Lopes Bruno Rafael Pereira, da Silva Gabriel Soares, de Lima Menezes Gabriela, de Oliveira Juliana, Watanabe Aripuanã Sakurada Aranha, Porto Bárbara Nery, da Silva Roosevelt Alves, Toledo Karina Alves
São Paulo State University (UNESP), Institute of Biosciences, Humanities and Exact Sciences, São José do Rio Preto - SP, Brazil.
São Paulo State University (UNESP), School of Sciences, Humanities and Languages, Assis, Brazil.
Int Immunopharmacol. 2022 May;106:108573. doi: 10.1016/j.intimp.2022.108573. Epub 2022 Feb 16.

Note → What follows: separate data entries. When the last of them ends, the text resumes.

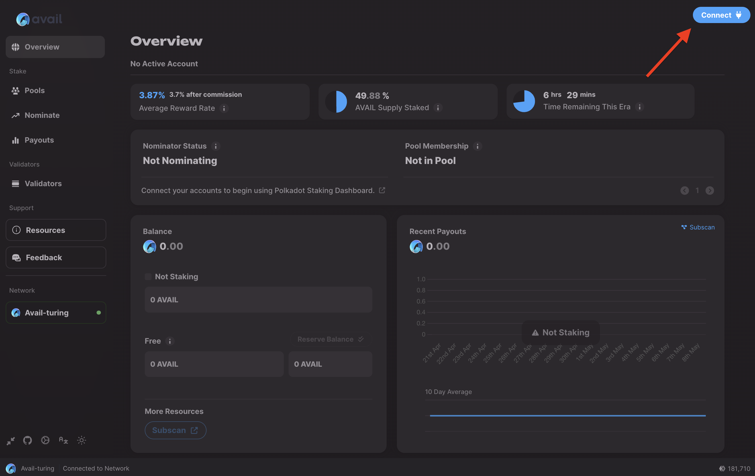 Go to the staking dashboard page , and connect your wallet by clicking on the connect button on the top right. The dashboard supports a variety of different options.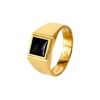 Ασημένιο 925 ανδρικό δαχτυλίδι με κίτρινο επιχρύσωμα και στο κέντρο τετράγωνη μαύρη πέτρα όνυχα.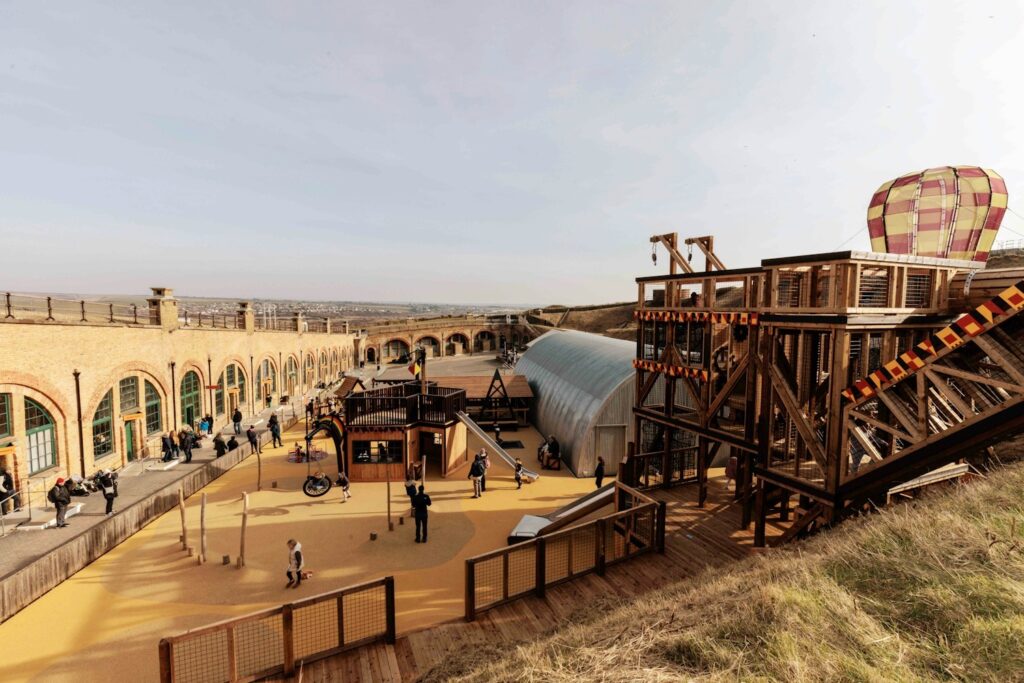 There are indoor immersive play areas, outdoor jumping pillows, rock climbing, and plenty of play areas to boot. We loved ending our day in the big-top circus tent, where local theatre students perform circus skills and other acts.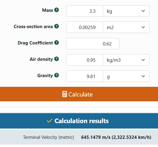 Ok, for the Cd and 200m/s that makes sense. I was thinking it was either that or vt. I have loved every step of this project because i have learned so much from you guys.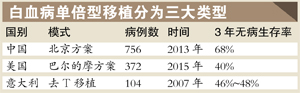 单倍型移植治疗白血病成功率优于化疗(77.5%比54.7%),也优于脐带血移植(73%比57%)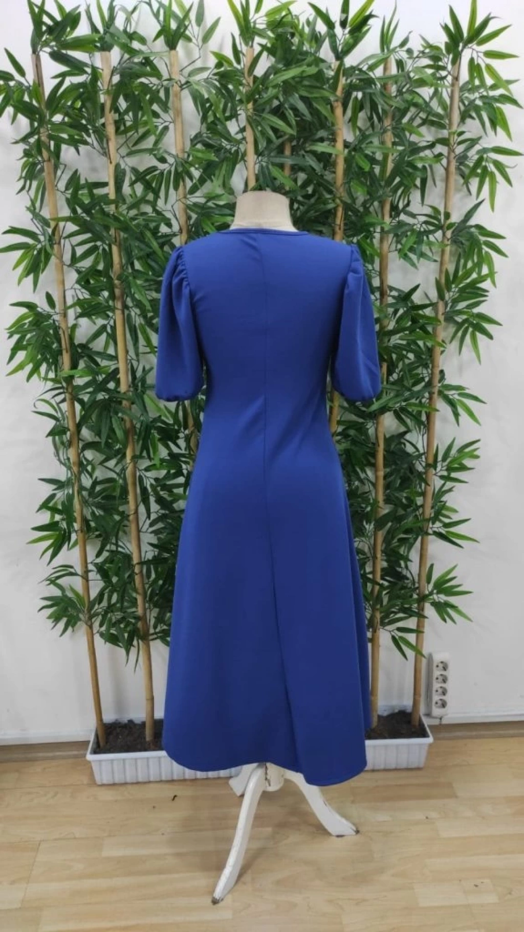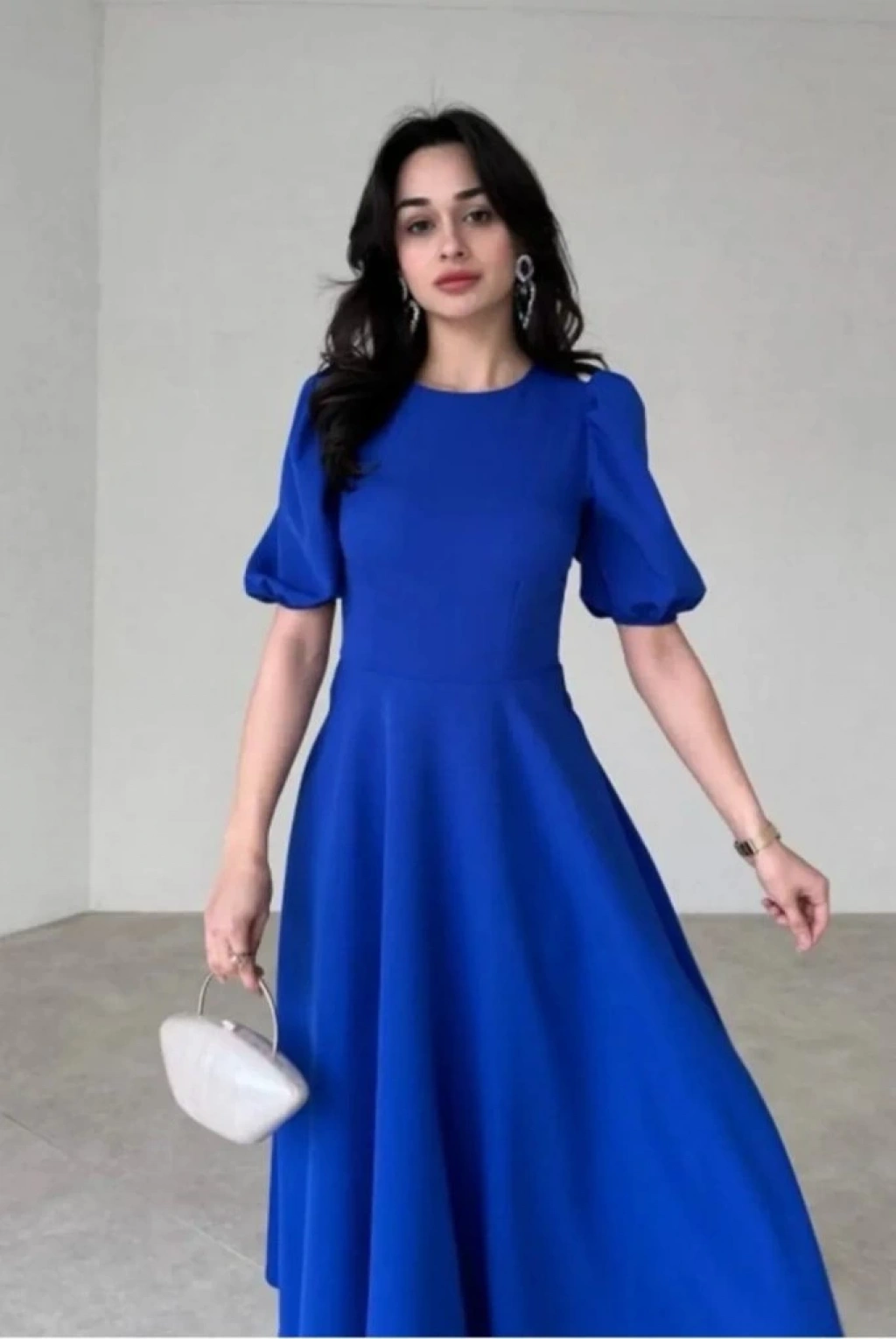 Kadın Kısa Balon Kollu Bisiklet Yaka Geniş Kesim Janjan Krep Elbise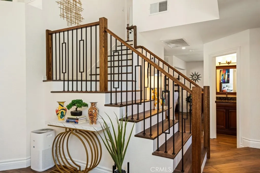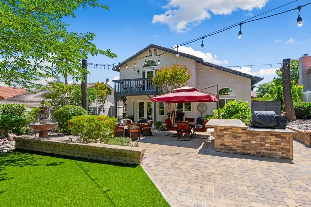 Welcome to a beautifully upgraded home that blends charm, functionality, and privacy in a sought-after neighborhood. A spacious family room and formal dining area greet you upon entry. Upstairs are three generously sized bedrooms, including a primary suite with a private balcony overlooking the serene backyard. An additional large bonus room with built-in cabinetry is ideal for an office, playroom, or craft space. This tastefully upgraded home features a custom country kitchen with quartz countertops, white cabinetry, stainless steel appliances, a deep farmhouse sink, and a breakfast bar. The kitchen opens to the living room with a gas fireplace, built-in TV (included), dining area, custom wine bar, and a barn door leading to a large storage or pantry space. The beautifully landscaped backyard offers custom pavers, mature trees, built-in seating with large umbrellas, a soothing fountain, and complete privacy with new vinyl fencing and no rear neighbors. With no HOA and low taxes, this move-in-ready home offers comfort, style, and peace of mindinside and out.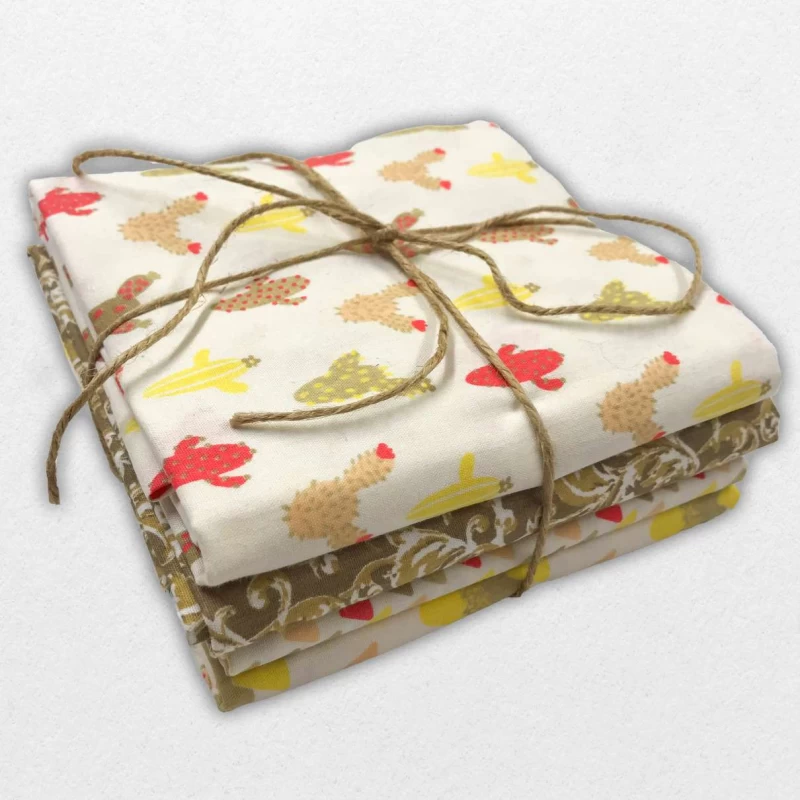 Disponíveis em unidades limitadas, possuem 4 estampas de 50 cm cada feitas com carinho para suas criações, totalizando 2 metros de tecido em seu pacote.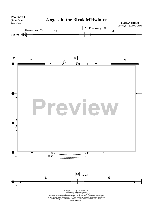 Digital Sheet Music for Angels in the Bleak Midwinter - Percussion 1 by Larry Clark, Gustav Holst scored for Concert Band; id:420961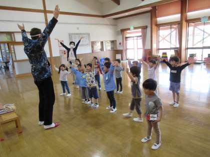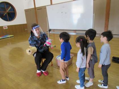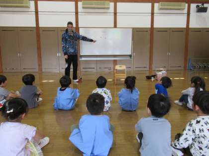 今日のたんぽぽ組の様子 公開日 2022/04/25 更新日 2022/04/25 1日の生活 4月25日(月) 今日は初めての英語教室がありました。最初は「英語難しそう」とドキドキしていた子供たちでしたが、ダン先生と一緒に楽しく英語を話したり、歌を歌って体を動かしたりしているうちに、ニコニコで英語を話すようになっていました。また1つ表現する楽しさを味わったたんぽぽ組の子供たちです。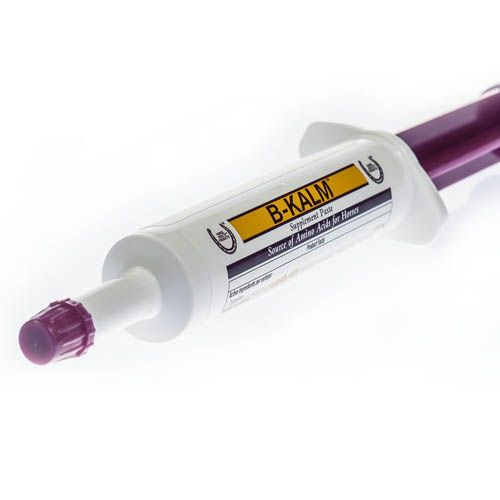 Natuurlijk kalmeringsmiddel voor paarden in pastavorm B-Kalm. Helpt dieren te kalmeren voor de wedstrijd of tijdens het transport.

Human respiratory syncytial virus (hRSV) is an infectious agent in infants and young children which there are no vaccines or drugs for treatment. Neutrophils are recruited for airway, where they are stimulated by hRSV to release large amounts of neutrophil extracellular traps (NETs). NETs are compound by DNA and proteins, including microbicidal enzymes. They constitute a large part of the mucus accumulated in the lung of patients, compromising their breathing capacity. In contrast, NETs can capture/inactivate hRSV, but the molecules responsible for this effect are unknown.
We selected microbicidal NET enzymes (elastase, myeloperoxidase, cathepsin-G, and proteinase-3) to assess their anti-hRSV role.
Through in vitro assays using HEp-2 cells, we observed that elastase, proteinase-3, and cathepsin-G, but not myeloperoxidase, showed virucidal effects even at non-cytotoxic concentrations. Elastase and proteinase-3, but not cathepsin-G, cleaved viral F-protein, which is responsible for viral adhesion and fusion with the target cells. Molecular docking analysis indicated the interaction of these macromolecules in the antigenic regions of F-protein through the active regions of the enzymes.
Serine proteases from NETs interact and inactive hRSV. These results contribute to the understanding the role of NETs in hRSV infection and to designing treatment strategies for the inflammatory process during respiratory infections.
人呼吸道合胞病毒(hRSV)是一种婴幼儿感染病原体,目前尚无疫苗或药物用于治疗。中性粒细胞被募集到气道,在那里它们受到hRSV刺激释放大量中性粒细胞胞外陷阱(NETs)。NETs由DNA和蛋白质组成,包括杀菌酶。它们构成了患者肺部积聚的黏液的很大一部分,损害了他们的呼吸能力。相比之下,NETs可以捕获/灭活hRSV,但负责这种作用的分子尚不清楚。
我们选择杀菌性NET酶(弹性蛋白酶、髓过氧化物酶、组织蛋白酶G和蛋白酶-3)来评估它们的抗hRSV作用。
通过使用HEp-2细胞的体外试验,我们观察到弹性蛋白酶、蛋白酶-3和组织蛋白酶G,而不是髓过氧化物酶,即使在非细胞毒性浓度下也显示出杀病毒作用。弹性蛋白酶和蛋白酶-3,而不是组织蛋白酶G,裂解了病毒F蛋白,该蛋白负责病毒与靶细胞的粘附和融合。分子对接分析表明这些大分子通过酶的活性区域在F蛋白的抗原区域相互作用。
NETs中的丝氨酸蛋白酶相互作用并使hRSV失活。这些结果有助于理解NETs在hRSV感染中的作用,并为呼吸道感染期间炎症过程的治疗策略设计提供帮助。